Keep us updated with some pics.


----------



## scottl (Apr 28, 2009)

I was thinking of solid oak, just need room to fill the 2" gap that had the insulation and tin..may put some wood inside and then find some stainless to attach to the inside, nothing fancy for sure..
|
PS.. I would vote for TED..


----------



## meat hunter (Apr 28, 2009)

did you already remove the inner steel box? I apologize, but Im not quite understanding what you mean with using oak and where. Can you take some pics and point out what you want to do in them?


----------



## richoso1 (Apr 28, 2009)

What he said.
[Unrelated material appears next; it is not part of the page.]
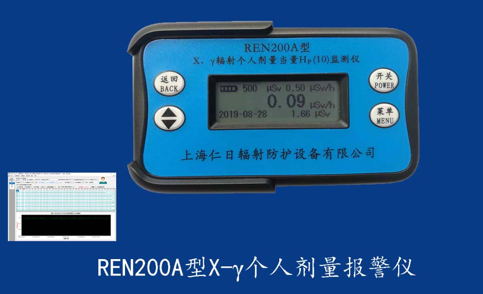 REN200型X、γ個人劑量報警儀(又叫X、γ輻射個人劑量當量HP(10)監(jiān)測儀)內置高靈敏度蓋格計數(shù)管為探測器,主要用來監(jiān)測各種放射性工作場所的X、γ以及硬β射線的輻射,具有響應快,測量范圍寬的特點。能顯示工作場所的劑量當量率和累積劑量,更換電池時,日期及累積數(shù)據(jù)能永久保存。可選配RenRiPersonal個人劑量管理軟件,該軟件可存儲多個人的歷史數(shù)據(jù),能記錄日累積、月累積、年累積、輻照時長、計算平均劑量率、扣除或不扣除本底輻射,且以文字和圖譜的方式展現(xiàn)數(shù)據(jù)。廣泛應用于核電站、加速器、鋼鐵、化工、同位素應用、醫(yī)院、工業(yè)X、γ無損探傷、放射醫(yī)療、鈷源治療、γ輻照、放射性實驗室、核設施周圍環(huán)境監(jiān)測

Metal is also better as a cleaning surface, and will probably hold a more consistent temp.


----------



## scottl (Apr 28, 2009)

Was going to line box with 1 x 10 of solid oak boards, not plywood. The metal that is there is thin, but looks like from the info I am getting better stay away from wood..


----------



## mgnorcal (Apr 28, 2009)

I've seen cold smokers made out of wood, but since you've got the metal skin here already you might as well use that and you'll have the option to cook higher temp.  (what temp did you plan on smoking at?)

With the frame exposed, it should be easy to mount racks/grates.
If you feel you need insulation, probably easiest to do something on the outside.

-Unless you're a welder, in which case you could install rockwoll insulation in the wall and put a sheet metal skin, followed by grate holders on the inside.
look here for pics of that kind of build
http://s53.photobucket.com/albums/g4...albumview=grid


----------



## scottl (Apr 28, 2009)

Looks like I will just keep the skin and mod it some, Do have welder and all the tools..temp will be around 200F give or take a bit..thanks for the input.


----------



## pineywoods (Apr 28, 2009)

Scott if it were me I'd be looking at ways to cold smoke and hot smoke. I would really like to have something like you have right now and set it up to cold smoke and also be able to hot smoke in the same unit. I don't know how long you've been smoking or how into it you've gotten but if like most of us one thing leads to another and we want to cold smoke things like sausage and bacon but also want to hot smoke things like ribs and butts. Having one smoker that would do it all would be great.


----------



## meat hunter (Apr 28, 2009)

Hey Scott. Thanks for that photo. Sorry I didnt understand what you were talking about but I see now. As other have said, a dual unit would be great, one in which you can do both hot and cold smoking in. If it were me, and I had the unit that you have in your shop, I would take a thin walled 1x1 square tubing and use it as studs on the side, just like building a room in a house. I would then get some 1" thick kiln insulation off ebay. This stuff is overkill for smoking purposes, but the price is right and it is EXTREMELY efficient in holding in the heat. I would then take some sheet metal, non galvanized, like some 18-22 guage and use that for the final interior. You would for sure end up with a solid and well insulated smoker. 

Here is a link if your interested to the ebay store that I was turned onto from a fellow member. I have seen the ones he has built and I can say without a doubt, will be the way I go on my next one.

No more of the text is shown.